IL FLOP – Vero pilastro del piano Renzi-Madia per la semplificazione
2015-2017, il sistema Spid è partito otto mesi fa, con un anno di
ritardo sul ruolino di marcia. Il governo prevedeva di collegare entro
il 2017 circa 10 milioni di utenti ma dopo sei mesi le identità
digitali rilasciate sono poco più di 140.000 e di questo passo per
centrare l’obiettivo non basteranno 25 anni. Dietro al flop, va detto,
ci sono ragioni tecniche ed economiche. Le amministrazioni periferiche
dello Stato faticano ad effettuare la migrazione dai loro vecchi
sistemi di accreditamento (tipo Cns), tanto che solo due regioni
(Emilia Romagna e Friuli) sono agganciate a Spid (tutte dovranno
adeguarsi entro dicembre 2017). Non aiutano poi la procedura
farraginosa e i costi per il cittadino: l’identità digitale è stata
pubblicizzata come “gratuita per i primi due anni” ma ottenerla può
costargli anche 20 euro.

In ogni caso il dato è imbarazzante per il governo che deve esser
corso ai ripari esercitando pressioni sull’Agid, l’Agenzia per il
digitale (che fa capo alla Presidenza del Consiglio) e sugli Identity
Provider accreditati (Infocert, Tim, Poste) per recuperare il ritardo
e scongiurare la figuraccia. Finendo però per farne una peggiore,
perché in Italia – lo abbiamo dimostrato e documentato con un video –
non è un colosso privato tipo Yahoo o un attacco informatico straniero
a insidiare la privacy e la sicurezza dei cittadini. Ma il loro
governo. Ecco come.

LA FALLA – Pur di accelerare la distribuzione delle identità l’Agenzia
il rilascio anche attraverso il riconoscimento Web: usando la WebCam
un operatore di un call-center privato (sì, non un pubblico
ufficiale!) visiona i documenti che gli vengono mostrati ma dei quali
non può accertare l’autenticità, rischiando così di essere facilmente
tratto in inganno da chi volesse sostituirsi a un altro cittadino per
far incetta dei suoi dati sensibili come la dichiarazione dei redditi
e l’Isee, referti e visite mediche, la situazione previdenziale e le
denunce di infortuni all’Inail, l’iscrizione all’asilo nido e i
congedi di maternità, il pagamento di tasse e bolli, proprietà
immobiliari e dichiarazioni di successione. Un’impresa, ad esempio,
può sfogliare le fatture elettroniche di un concorrente. Senza che
qualcuno se ne accorga.

L’ESPERIMENTO – Il punto di forza diventa così l’anello debole della
catena. Chi scrive lo ha sfruttato riuscendo senza difficoltà a farsi
accreditare agli occhi dello Stato con l’identità di un collega. Lo
stesso esperimento, va detto, si poteva tentare a uno sportello
fisico, correndo solo qualche rischio in più perché il punto è questo:
se fino a ieri con un documento falso non si andava lontano oggi – con
l’identità digitale fasulla interconnessa a tutti i servizi della PA –
si può carpire una miriade di informazioni su una persona, una
famiglia, un lavoratore e un’impresa. E presto operare direttamente
sui loro conti correnti, il giorno in cui Spid – come ipotizzano
dall’Agid – sarà abilitato in ambito bancario. Il futuro riserva poi
lo switch off obbligatorio e allora nessuno sarà esente da rischi,
neppure il cittadino Matteo Renzi. Al quale ora tocca chiedere:

a) Quanto è costata l’infrastruttura che rottama 50milioni di CNS
(Carta nazionale dei servizi) già distribuite ai cittadini?
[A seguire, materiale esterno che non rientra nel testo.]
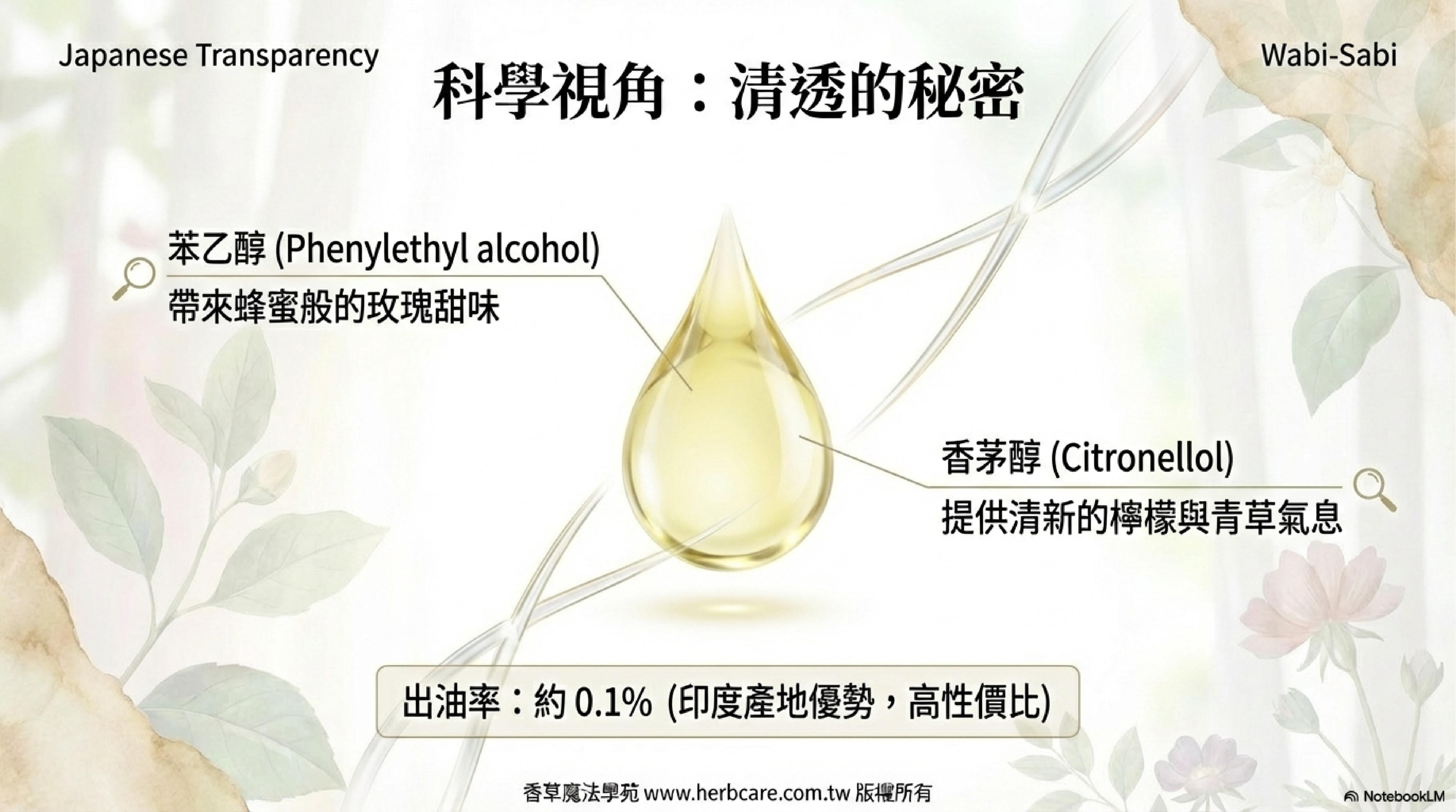 | 主成分 | 苯乙醇(55-65%)、香葉醇(15-20%)、金合歡醇 |

b) Chi restituirà a privati e imprese i soldi che hanno pagato di
tasca loro per essere accreditati a operare in un sistema che si è
scoperto (e dimostrato) permeabile a un bambino?

c) Chi può garantire che i 140mila accreditamenti rilasciati finora
siano stati e siano in condizioni di assoluta sicurezza?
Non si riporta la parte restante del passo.